The Panama Papers, a massive leak of confidential documents from Mossack Fonseca, a law firm in Panama that helped wealthy clients and money launderers for drug trafficking organisations set up anonymous shell companies in tax havens, should open the outcome document of the UN General Assembly Special Session (UNGASS 2016) on the world drug problem, that will take place on April 19-21 in New York.
The outcome document was closed during the negotiations at the Commission on Narcotic Drugs (CND) in March 2016, and is now proposed for approval at the UNGASS. However, UN member states could still open the document during the General Assembly special session. The Panama Papers can tell us a lot about how to counter tax evasion and money laundering. Crucially, they demonstrate the absolute need to be able to identify the ultimate beneficial owners of anonymous shell companies set up around the world by law firms like Mossack Fonseca.
TNI proposed to several delegations to include the following paragraph in the outcome document:
“Ensure the implementation of effective measures to identify the beneficial ownership of companies, trusts and other business and financial corporations to enhance the countering of money laundering and detect illicit financial flows.”
Nevertheless, nothing on this crucial matter was included in the document at the negotiations. Instead, some general references were made in the 12 operational recommendations under the heading “Addressing links with other forms of organized crime, including money-laundering, corruption and other criminal activities”, in particular paragraph 3 (o):
“Continue to foster international cooperation by implementing the provisions against money-laundering contained in all relevant international and multilateral instruments, such as the 1988 Convention, the Organized Crime Convention and the Convention against Corruption and, in accordance with national legislation, the Financial Action Task Force Recommendations on Money Laundering.”
However, these provisions have failed to effectively counter money laundering as the Panama Papers, which were revealed after the 2016 Commission on Narcotic Drugs (CND), have made abundantly clear. The first provisions against money laundering were agreed in the 1988 UN Convention against Illicit Traffic in Narcotic Drugs and Psychotropic Substances.

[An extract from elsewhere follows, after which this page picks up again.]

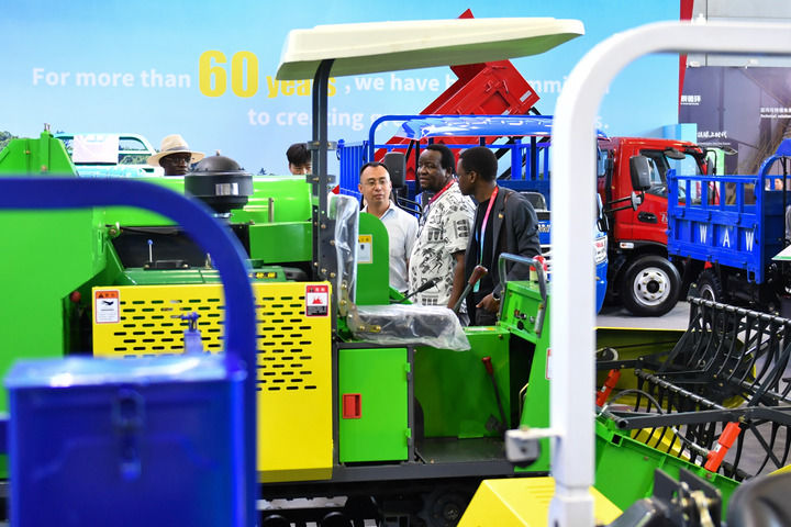观众在长沙国际会展中心参观农机设备。6月12日至15日,第四届中国—非洲经贸博览会在湖南长沙举行。

In other words, the 2016 UNGASS would have been a good occasion to show that the global community should take their commitment to counter money laundering seriously, instead of issuing bland statements.

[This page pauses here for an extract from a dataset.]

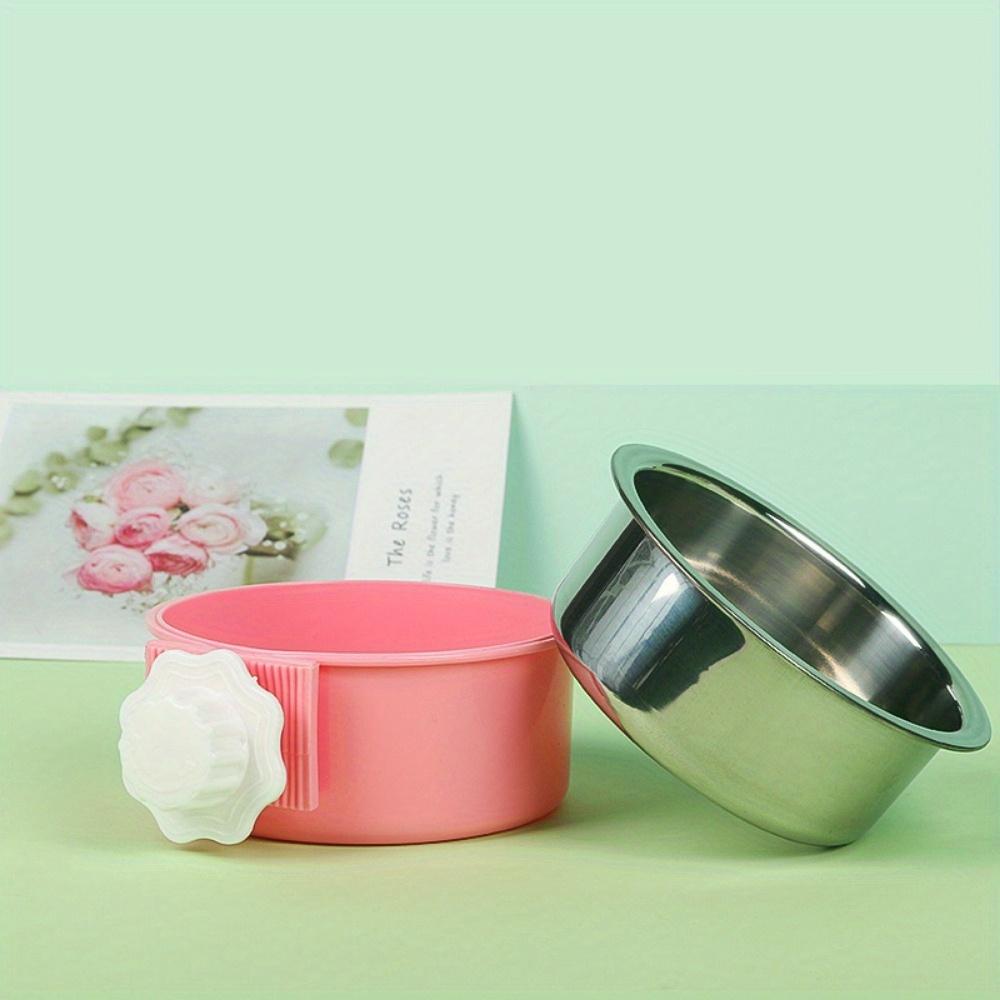 2 Pieces Removable Stainless Steel Crate Dog Bowl for Pet Kennel Hanging Food Water Feeder Bowl Cage Coop Cup in Blue & Pink for Puppy Medium Dog Cat Rabbit Ferret Bird

While offshore financial centres (OFCs) like Panama outside the main financial centres London, New York and Amsterdam are often identified as facilitating unregulated and illicit money flows, the principal sources of tax evasion, tax secrecy and money laundering are located in onshore banking systems in the developed world, according to the Stiglitz Commission, formed in 2008 to advise the United Nations on the consequences of the financial meltdown and its impact on development. The Panama Papers might not have touched Americans because Americans already have Delaware and Nevada. They don’t need to go to Panama.
Sustainable Development Goals
Deficiencies in financial oversight enable money laundering. After more than 25 year of failed efforts, experts still ponder how to implement an anti-money laundering regime that works. Identifying ultimate beneficial owners of shell companies is a crucial and effective way to do so. Not only do these deficiencies in financial oversight assist money laundering, they also facilitate tax evasion, depriving states of badly needed revenue to finance essential institutions and services to their populations, identified as a fundamental issue to reach the UN Sustainable Development Goals (SDGs) by 2030.
The global community agreed to “substantially reduce illicit financial flows” by 2030 in Goal 16.4 of the SDGs. Illicit financial flows from developing and emerging economies reached $1.1 trillion in 2013 according to a Global Financial Integrity study. The UNGASS outcome document also pays lip service to the SDGs. Instead it should help to reach these goals by issuing a strong recommendation to help procure the necessary funding for them; funding that now disappears in the black hole of ineffective measures to identify illicit financial flows.
After the release of the Panama Papers, it has become increasingly clear that the global community needs to get their act together to counter illicit financial flows. The UNGASS outcome document is not definitive yet, it is only recommended for approval by the General Assembly. However, the General Assembly can still reopen it. There are plenty of reasons to do so, and a stronger operational recommendation to close one of the main facilitators of money laundering and tax evasion, anonymous shell companies that prevent the identification of ultimate beneficial owners, would honour the global community’s commitment to the SDGs.